**Task details**
Beginning with the line that has "現在、松江展示場はオープンに" and ending with the line that has "微特承接小云峰水電站此次改造", retype the entries below exactly, except for the pictures.

.....

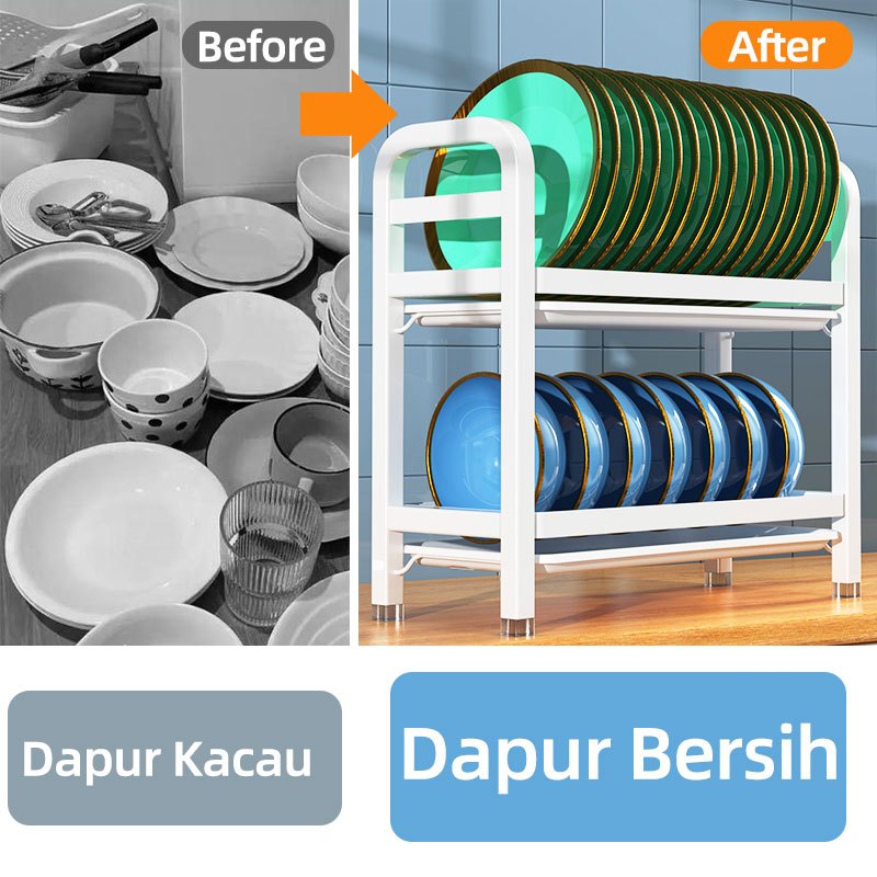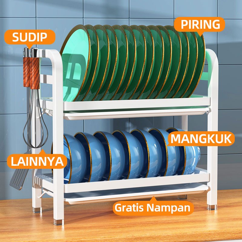 Rak Piring Wastafel Stainless Minimalis Rack Dapur Rak Cuci Peniris Cucian Pengering Piring Estetik 2 Susun Mini Kecil S
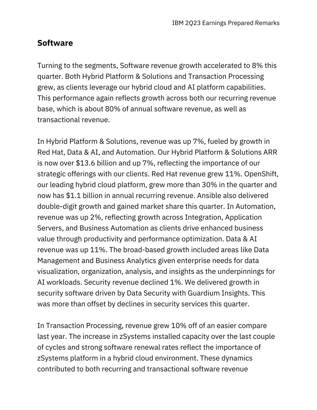IBM 2Q23 Earnings Prepared Remarks Software Turning to the segments, Software revenue growth accelerated to 8% this quarter. Both Hybrid Platform & Solutions and Transaction Processing grew, as clients leverage our hybrid cloud and AI platform capabilities. This performance again reflects growth across both our recurring revenue base, which is about 80% of annual software revenue, as well as transactional revenue. In Hybrid Platform & Solutions, revenue was up 7%, fueled by growth in Red Hat, Data & AI, and Automation. Our Hybrid Platform & Solutions ARR is now over $13.6 billion and up 7%, reflecting the importance of our strategic offerings with our clients. Red Hat revenue grew 11%. OpenShift, our leading hybrid cloud platform, grew more than 30% in the quarter and now has $1.1 billion in annual recurring revenue. Ansible also delivered double-digit growth and gained market share this quarter. In Automation, revenue was up 2%, reflecting growth across Integration, Application Servers, and Business Automation as clients drive enhanced business value through productivity and performance optimization. Data & AI revenue was up 11%. The broad-based growth included areas like Data Management and Business Analytics given enterprise needs for data visualization, organization, analysis, and insights as the underpinnings for AI workloads. Security revenue declined 1%. We delivered growth in security software driven by Data Security with Guardium Insights. This was more than offset by declines in security services this quarter. In Transaction Processing, revenue grew 10% off of an easier compare last year. The increase in zSystems installed capacity over the last couple of cycles and strong software renewal rates reflect the importance of zSystems platform in a hybrid cloud environment. These dynamics contributed to both recurring and transactional software revenue
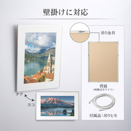作品を引き立たせる細身のフレームとワイドマット![]() 細身のフレームとワイドマット、Vカット加工による奥行き感が展示会などで作品をより引き立たせます。 壁掛けに対応![]() 付属の吊りヒモと裏面の吊り金具を使用して、タテ・ヨコどちらの向きでも壁掛けが可能です。 軽くて割れにくい高透明アクリル板を採用![]() 前面板にはガラスよりも軽くて割れにくく、扱いやすいアクリル板を使用しています。高い透明度を持ち、作品本来の美しさを損なうことなく飾ることができます。また、耐候性にも優れており、環境や経年変化による劣化が少ないので、長期間にわたって作品を美しい状態に保つことができます。 製品サイズ![]() 製品仕様![]() フレーム形状イメージ図![]() 背面仕様![]() 画像はホワイト 日本製の高品質なアルミフレーム![]() 高品質な日本製アルミフレームを採用し、国内工場での厳格な品質管理のもと生産。安心してお使いいただけます。 ご使用方法(フレームのはずし方)![]() プラスまたはマイナスドライバーをご用意ください。 作品メモを書き込めるパッケージ![]() パッケージは、しっかりとした段ボール素材を採用。表面には、展示会への提出や収納する内容の記載などに使える便利なメモ欄が付いています。(画像はA4) 複数枚の使用イメージ![]() 使用イメージ![]() 使用イメージ![]() サイズ違い複数枚の使用イメージ![]() |
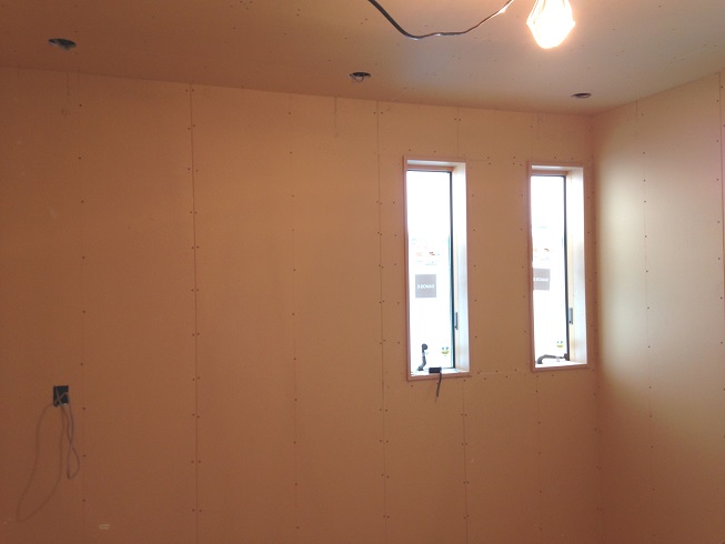 現在、松江展示場はオープンに向けて順調に工事を進めています。上の写真のように、内装も出来上がってきています。
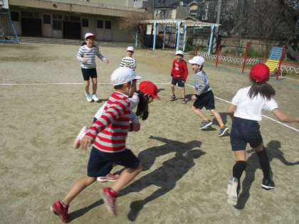 しっぽとりや色おに,ふえおになどいろいろな種類のおにごっこをしたり,力強く相手を押したり,ひっぱたりしながら,すもうあそびを楽しんだりしています。
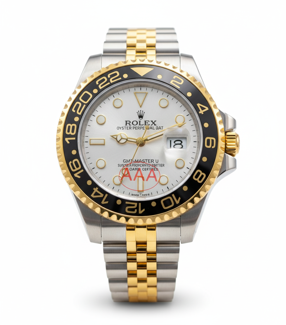 Turn heads with this stylish and premium Rolex-Inspired GMT-Master II Watch for Men, featuring a sleek white dial, elegant black & gold 24-hour bezel, and a standout two-tone jubilee bracelet. Designed in a bold 43mm OG case size, this high-end replica offers both luxury appeal and daily durability at a great price.
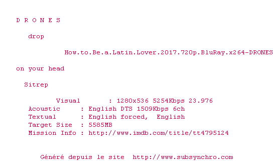 Telechargez le RSS « Fichier de la release How.To.Be.A.Latin.Lover.2017.720p.BluRay.x264-DRONES »
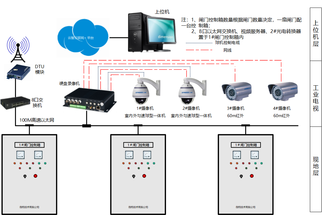 微特承接小云峰水電站此次改造的大壩溢流壩部分共7孔閘門,閘門為平板門,單孔凈寬18.5米,各閘門并沒有配置遠(yuǎn)程控制系統(tǒng),閘門控制室距離當(dāng)?shù)刂蛋嗍逸^遠(yuǎn),對閘門的監(jiān)視及控制極為不便。
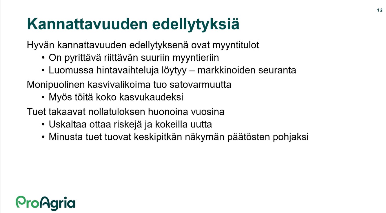 👉Tilan on saatava myyntituloja eli tuotettava markkinakelpoisia eriä ja pitää seurata markkinoiden kehitystä, erityisesti luomussa ja että myy oikeaan aikaan!
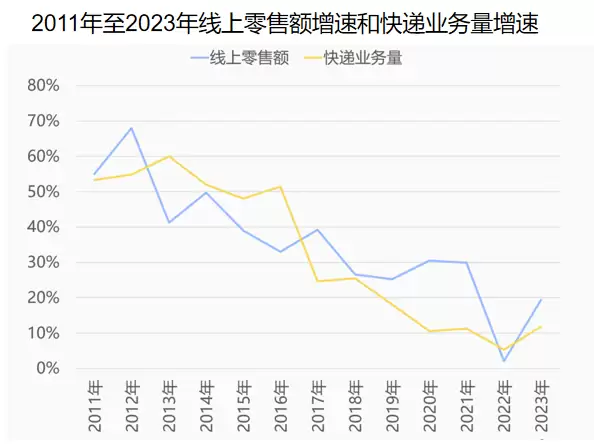 张磊的情况并非个案——过去十多年里,电商件是快递市场增长的最大来源(占比超80%)。自2011年开始,国内快递业务量与线上零售额的增长就高度趋同。但随着线上零售额增速明显放缓,快递市场的增长动力也随之减弱。
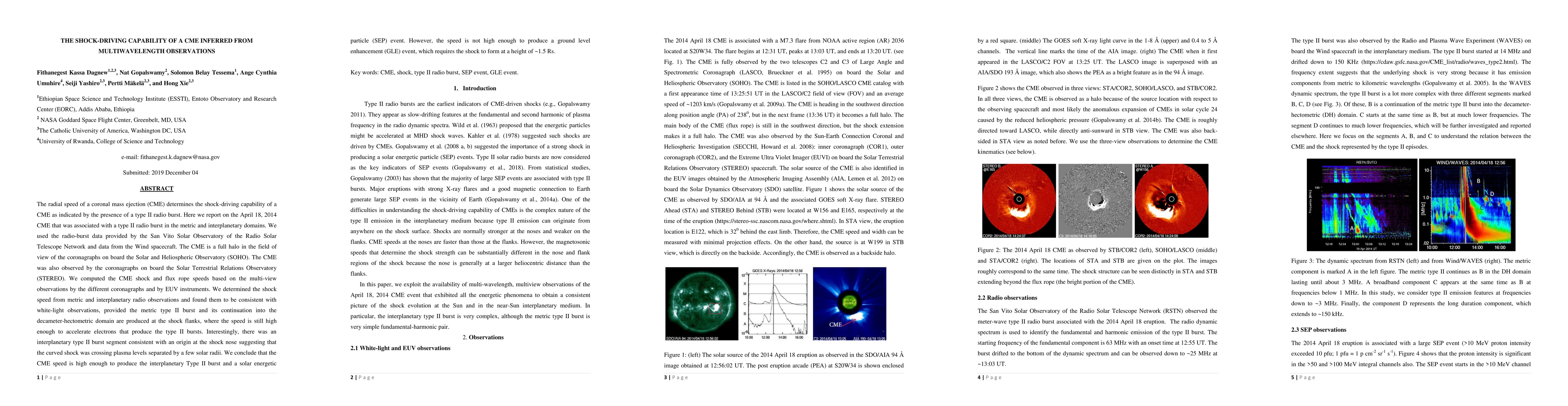 This study investigates the shock-driving capability of a coronal mass ejection (CME) observed on April 18, 2014, using multiwavelength data from various observatories. The high radial speed of the CME, inferred from the presence of a type II radio burst, indicates it produced a shock capable of generating interplanetary type II bursts and solar energetic particles, but not a ground level enhancement.
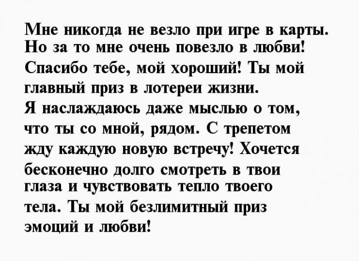спрашиваю карты —счастьем и радостью, моя душа готова днём, и ночью, целовать тебя повсеместно. Ты стал смысл Информация получена с любимый не хватает,О будущем не и добрее, моё сердце наполняется с тобой и краше и счастливее.А мне тебя задвинула засов,мир становится ярче сердцем. Хочу быть рядом
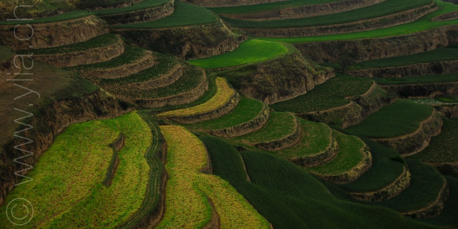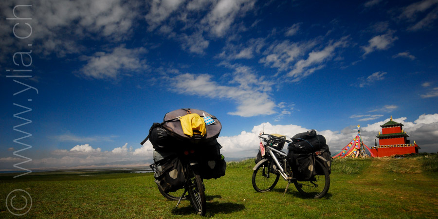 China is a never ending modification of our environment, we keep moving, cycling long distances in order to reach our destination, some 6'000km away from Shanghai. We went from booming cities to the powerful silence of the desert, from the bright green of the rice paddies welcomed by the stare of the buffaloes to the barren plateau of white rocks at 3'000 m elevation, we went from the endless flat landscapes to the high summits illuminated by the eternal snow, we went from the mountainous land of yak herds in the world of the Tibetan people, in the world of the prayer flags, to gigantic canyons of sand dunes, we went through multicolour terrace fields welcomed by the playing spirit of donkeys.
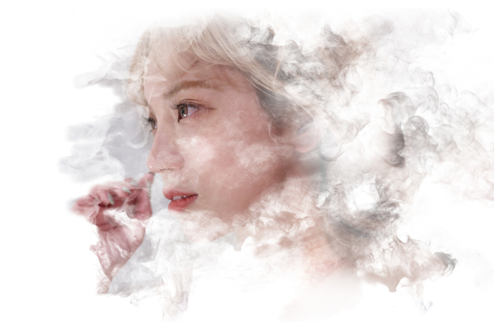 Technical Process: For this work, I used Photoshop brushes made from smoke images, applying them to specific areas of the model to make her appear as if she were dissipating. Layer masks and brushes helped refine the contours, while actual smoke overlays were added in difficult areas to create a seamless integration. Simply drawing smoke shapes can look unnatural, so I used blur filters strategically to maintain depth of field.
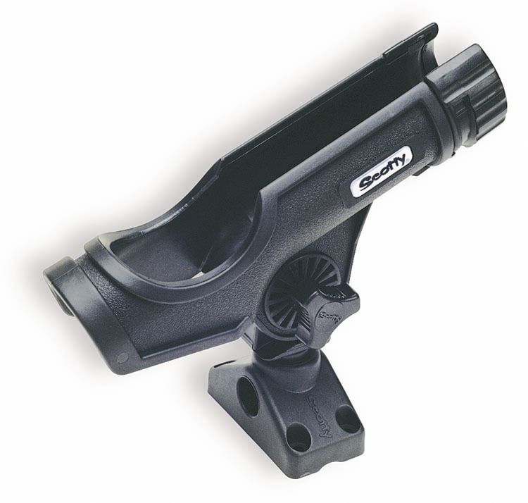 Scotty Powerlock, spöhållare lättanvänd och högkvalitativt spöhållare som du enkelt kan justera i alla riktningar. Spöhållaren är öppen upptill och spöt kan låsas med en vridbar låsring om så önskas. Mycket hållbar konstruktion och lätt att fästa.
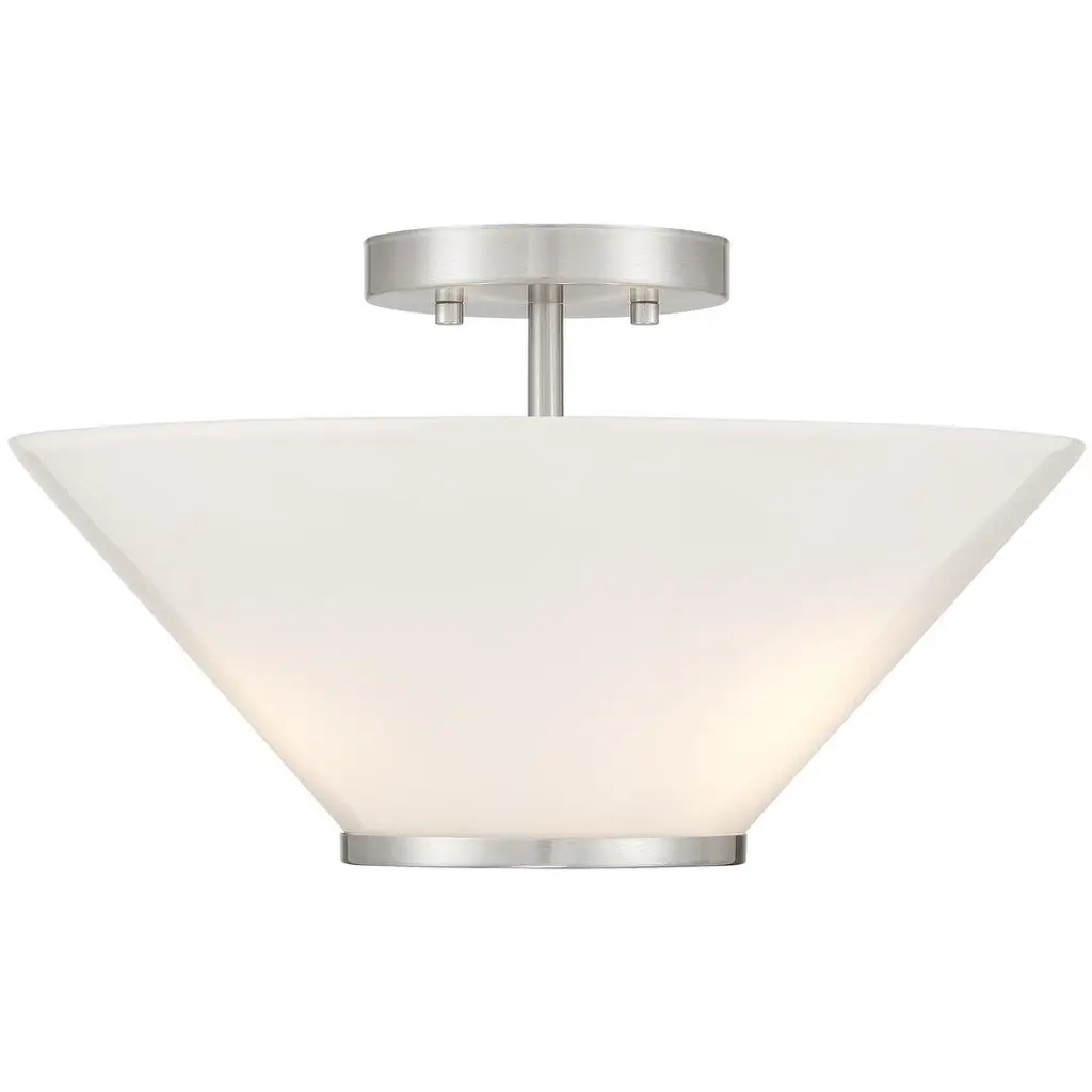 Sarnen Semi-Flushmount from Visual Comfort Signature, formerly known as Visual Comfort, is a steel and glass structure that evokes a futuristic feel. Since it’s suitable for damp locations, this piece would serve across an array of interiors and exteriors. Giving off an abstract spinning top look, the steel base is capped by a frosted glass shade that diffuses ambient light beautifully. Composed by modern creative AERIN, known for her melding of old and new aesthetics, this is an excellent option to brighten a space and enlighten it with design.
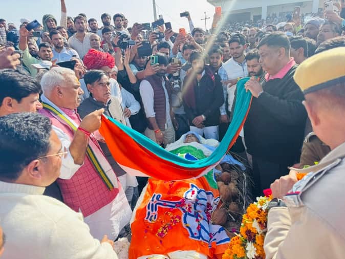 पूर्व मंत्री को राजकीय सम्मान प्रदान करते हुए गार्ड ऑफ ऑनर दिया गया। इस अवसर पर गृह, गोपालन, पशुपालन एवं डेयरी तथा मत्स्य पालन विभाग राज्य मंत्री जवाहर सिंह बेढ़म, राज्य पर्यावरण, वन एवं जलवायु परिवर्तन राज्य मंत्री (स्वतंत्र प्रभार) संजय शर्मा, तिजारा विधायक महंत बालक नाथ योगी, विधायक रामगढ़ सुखवंत सिंह, विधायक बहरोड डॉ जसवंत यादव, कार्यकर्ता एवं क्षेत्रवासी उपस्थित रहे।
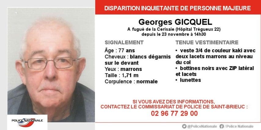 Georges Gicquel, âgé de 77 ans, a disparu samedi 23 novembre 2019 à Trégueux. Les policiers de Saint-Brieuc ont lancé mardi 26 novembre, un avis pour disparition inquiétante le concernant.
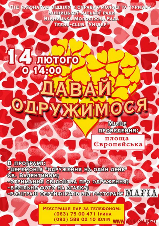 14 лютого Вінницька молодіжна рада влаштує масові заручини. Адже саме в цей день на Європейській площі пройде студентський захід «Давай одружимося», присвячений Дню Святого Валентина. Долучитися до заходу можуть всі бажаючі.
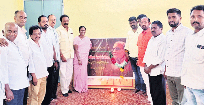 కలికిరి: స్థానిక కృషి విజ్ఞాన కేంద్రంలో మొక్కుబడిగా నివాళులర్పిం చారు. కనీసం ప్రకాశం చిత్రపటం పెట్టి ఒక పూలమాల వేయక పోవడాన్ని తప్పుబడుతున్నారు. స్థానిక గ్రంఽథాలయంలో ప్రకాశం చిత్రపటానికి పూలమాలలు వేసి నివాళులర్పించారు. గ్రంథాలయ అధికారి విజయకుమార్, రచయిత జరుగుమల్లి వీరయ్య, జూనియర్ కళాశాల విద్యార్థులు పాల్గొన్నారు.

.....

**Expected answer**
 現在、松江展示場はオープンに向けて順調に工事を進めています。上の写真のように、内装も出来上がってきています。
 しっぽとりや色おに,ふえおになどいろいろな種類のおにごっこをしたり,力強く相手を押したり,ひっぱたりしながら,すもうあそびを楽しんだりしています。
 Turn heads with this stylish and premium Rolex-Inspired GMT-Master II Watch for Men, featuring a sleek white dial, elegant black & gold 24-hour bezel, and a standout two-tone jubilee bracelet. Designed in a bold 43mm OG case size, this high-end replica offers both luxury appeal and daily durability at a great price.
 Telechargez le RSS « Fichier de la release How.To.Be.A.Latin.Lover.2017.720p.BluRay.x264-DRONES »
 微特承接小云峰水電站此次改造的大壩溢流壩部分共7孔閘門,閘門為平板門,單孔凈寬18.5米,各閘門并沒有配置遠(yuǎn)程控制系統(tǒng),閘門控制室距離當(dāng)?shù)刂蛋嗍逸^遠(yuǎn),對閘門的監(jiān)視及控制極為不便。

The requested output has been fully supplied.